At 10^5 Pa and 25°C the endoenergetic overall electrolysis  
reaction  H2O(l) -> 0.5 O2(g) + H2(g)  consumes 285.83 kJ/mol_H2O  
(consumed energy = enthalpy change of the reaction = formation  
enthalpy of H2O since O2(g) and H2(g) being in their reference  
states have zero formation enthalpy). Per H2O molecule that's E =  
285830/6.02e23 = 4.748e-19 J

Efficiency is unity when E is exactly equal to the consumed  
electric energy per H2O, which is equal to the supply voltage V  
times the charge 2*e (two electrons circulated per molecule), so:

V = 4.748e-19 / (2 * 1.602e-19) = 1.482 V

Any electrolysis at a lower voltage would have to borrow energy  
from the environment, I don't know if that's possible ;


It is more than possible.  Managing the thermal energy contribution  
is essential to high efficiency industrial electrolyzer operating  
design and a major component of the energy.

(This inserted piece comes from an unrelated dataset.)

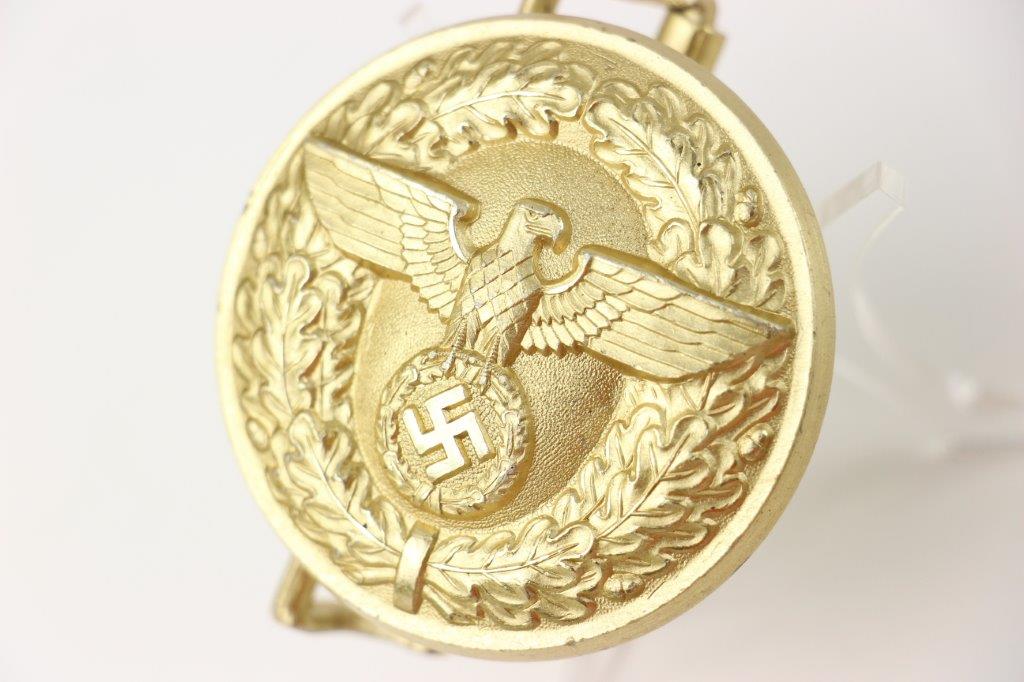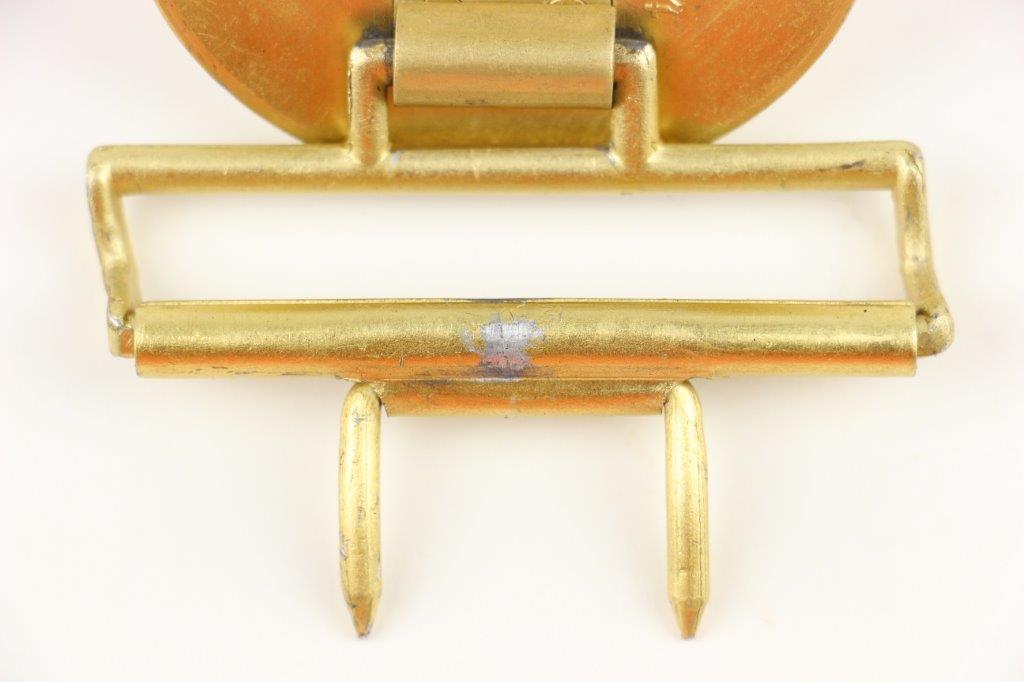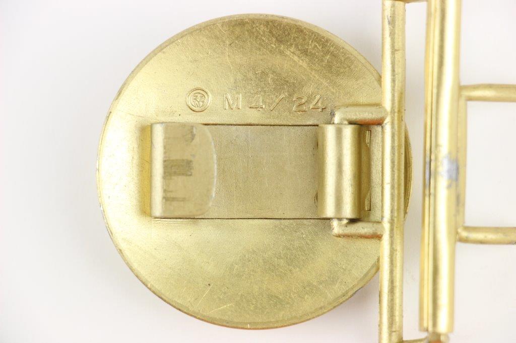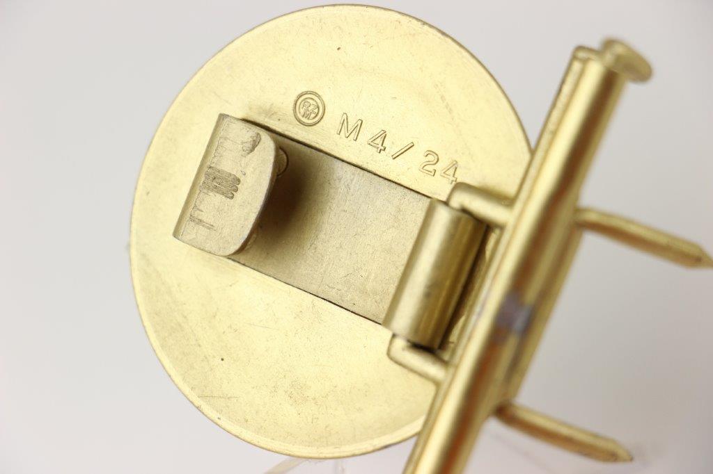 8/2/24 – This is an excellent condition example WW2 German Party Leader belt buckle. The buckle has beautiful gold gilded aluminum and excellent engraved detail throughout the front-facing side. The exterior rim of the buckle has a few very small imperfections, and there’s minimal high edge wear on the top of the eagle’s wings (this is very minimal, and shown accurately in photos). The reverse is stamped, “RZM M4/24” for Friedrich Linden. Minimal rub / use wear found on the hinge.
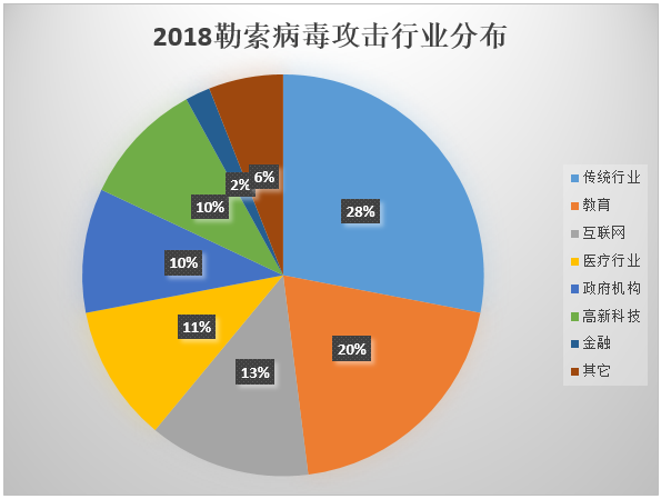 根據(jù)大數(shù)據(jù)統(tǒng)計(jì),勒索病毒在全國(guó)各地均有流竄,尤其以山東、河南、浙江、廣東等地最為嚴(yán)重。作為一款流氓軟件,勒索病毒的下手對(duì)象倒看出了其極大的性格分裂,他一直“偏愛(ài)”傳統(tǒng)的端莊的大方的受害對(duì)象。通過(guò)2018年勒索病毒攻擊行業(yè)分布可以看出,傳統(tǒng)行業(yè)、教育、互聯(lián)網(wǎng)行業(yè)最為嚴(yán)重,醫(yī)療、政府機(jī)構(gòu)緊隨其后。事關(guān)國(guó)計(jì)民生的各個(gè)行業(yè),一旦社會(huì)長(zhǎng)期依賴的基礎(chǔ)遭受攻擊,將帶來(lái)難以估計(jì),且不可逆轉(zhuǎn)的損失。

Something you might want to think about regarding back loading at a
somewhat lesser negative potential V<v<0 than the front loading
negative potential V

Why negative, relative to what?

The anode of course.  In electrochemistry the cathode is commonly  
referred to as negative, the anode positive.



is the fact that most all CF experiments, due to
electrolyte currents and resistances, produce a range of potentials
across the cathode surfaces - especially the fluidized bed
experiments using beads.  Nothing repeatable resulted from these
experiments AFAIK.

I don't see how these are relevant to my back-loading + front- 
deloading & -electrolysis scheme, which doesn't mean they aren't,  
kindly explain.

First let me be clear that whenever I talk about the front side that  
is the side from which the loading occurs.  The hydrogen moves on  
average from the front side to the back side.  Somewhere mid-stream  
in the discussion you seem to have decided to reverse this meaning.  
Maybe it was for your discussion in other groups.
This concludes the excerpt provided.